## INFORMATION SUPPLIED
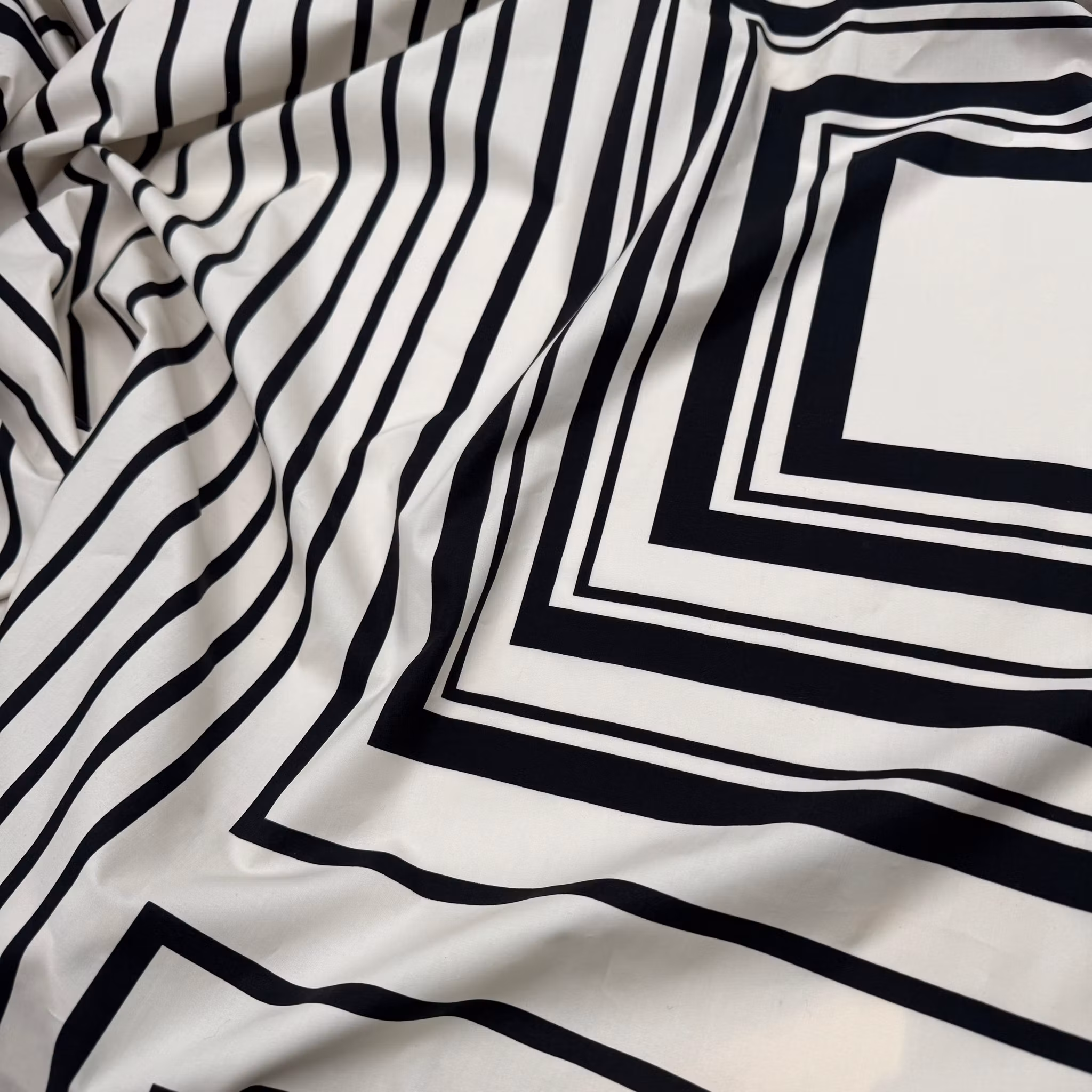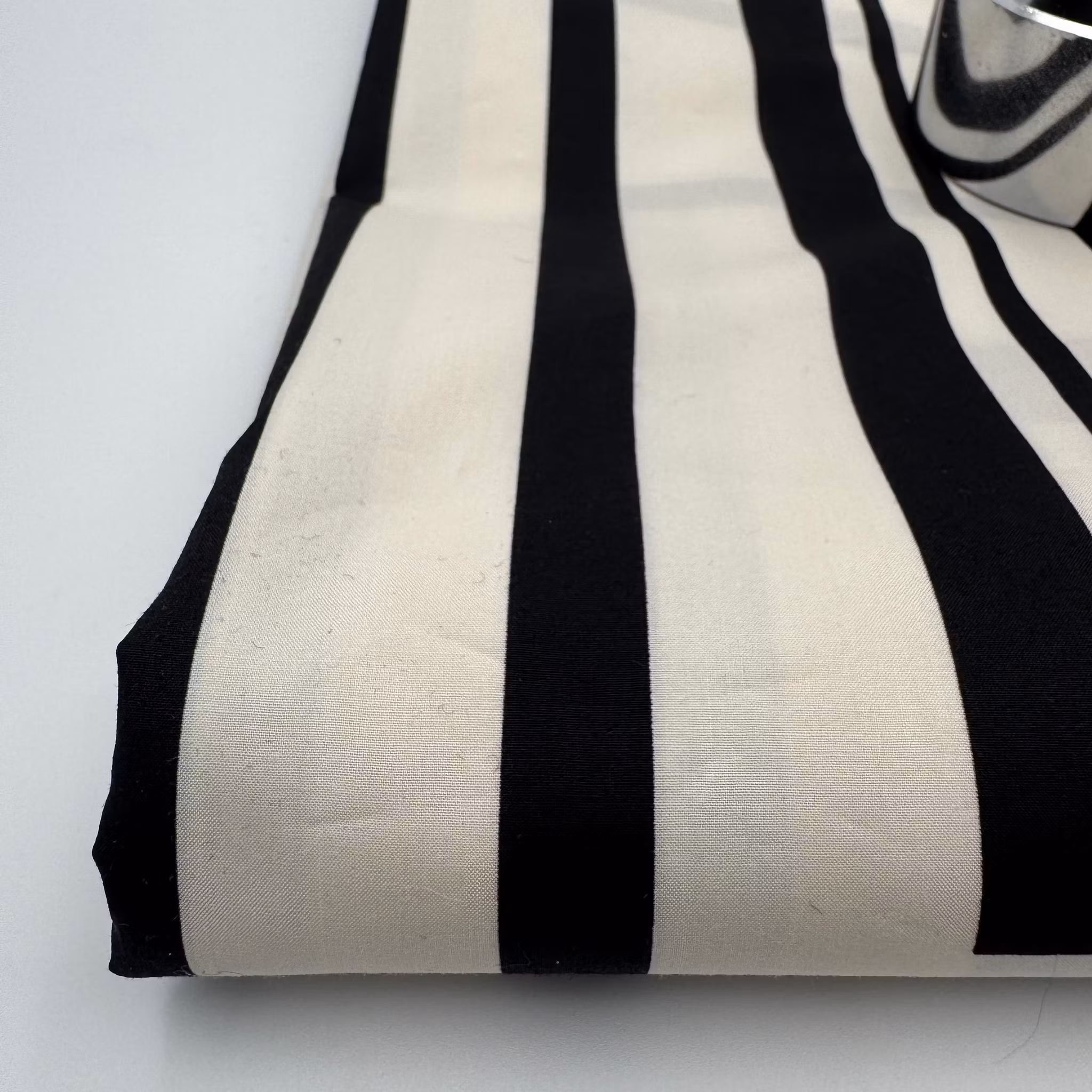 Färg: Gräddvit botten och svart mönster, ränder i mitten och kvadrater längs sidorna.
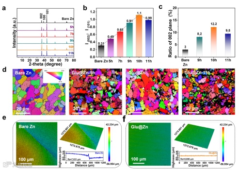 图2. a) XRD图,b) I(002)/I(101)强度比,c) 基于图像识别的002晶面对应比,d) 电极的EBSD图。e) 裸Zn, f) Glu@Zn阳极的LSCM图。
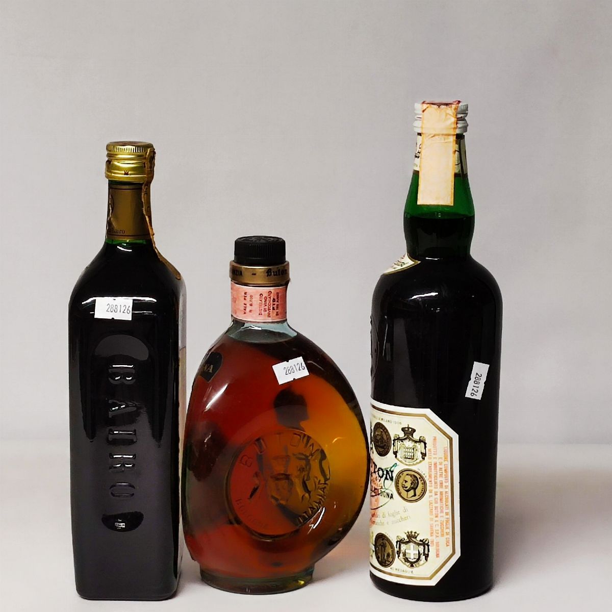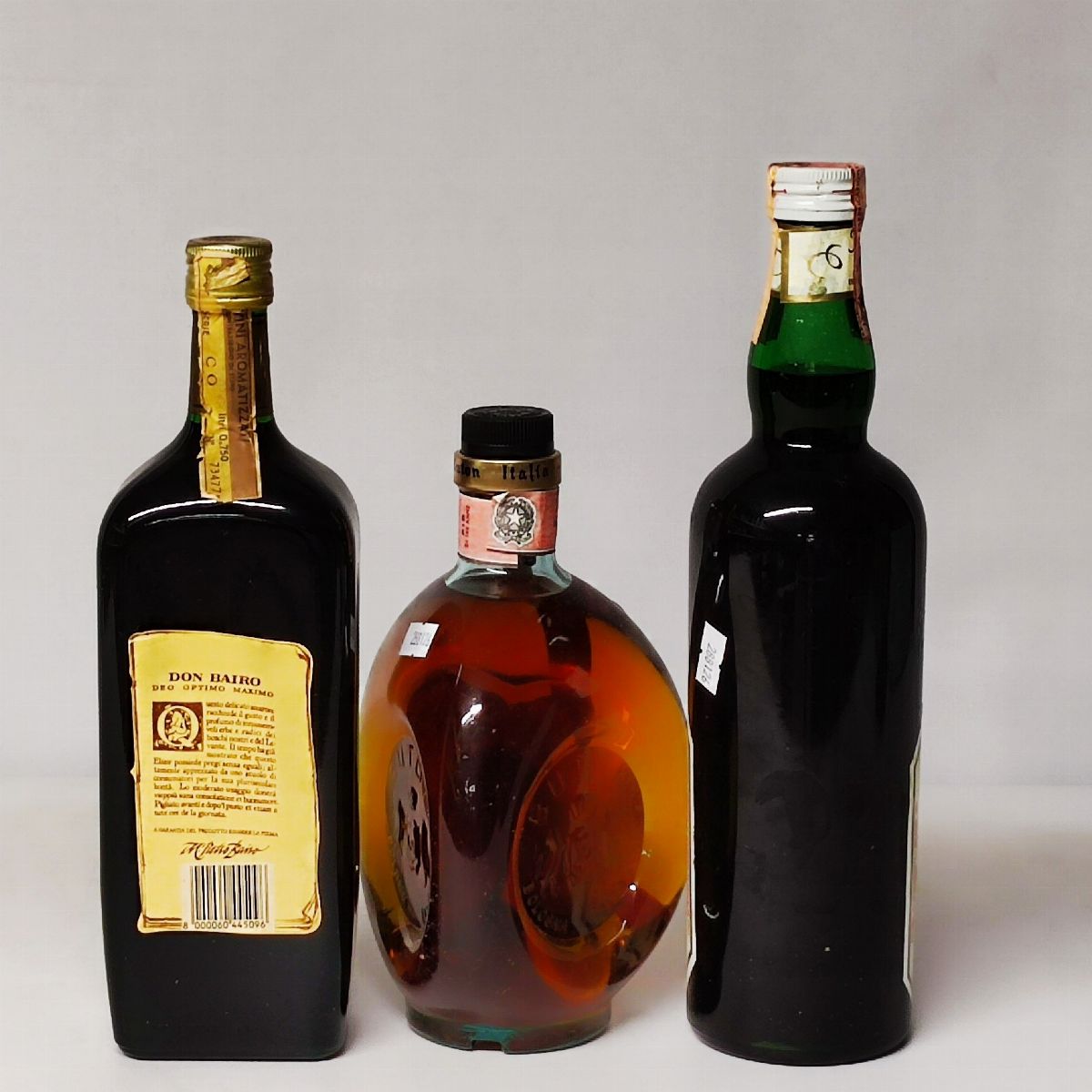 Etichette, capsule e confezioni originali ove presenti con segni d'usura del tempo

## BRIEF
Pictures are not part of the copy; retype all the other material exactly.

## ANSWER BOX
 Färg: Gräddvit botten och svart mönster, ränder i mitten och kvadrater längs sidorna.
 图2. a) XRD图,b) I(002)/I(101)强度比,c) 基于图像识别的002晶面对应比,d) 电极的EBSD图。e) 裸Zn, f) Glu@Zn阳极的LSCM图。
 Etichette, capsule e confezioni originali ove presenti con segni d'usura del tempo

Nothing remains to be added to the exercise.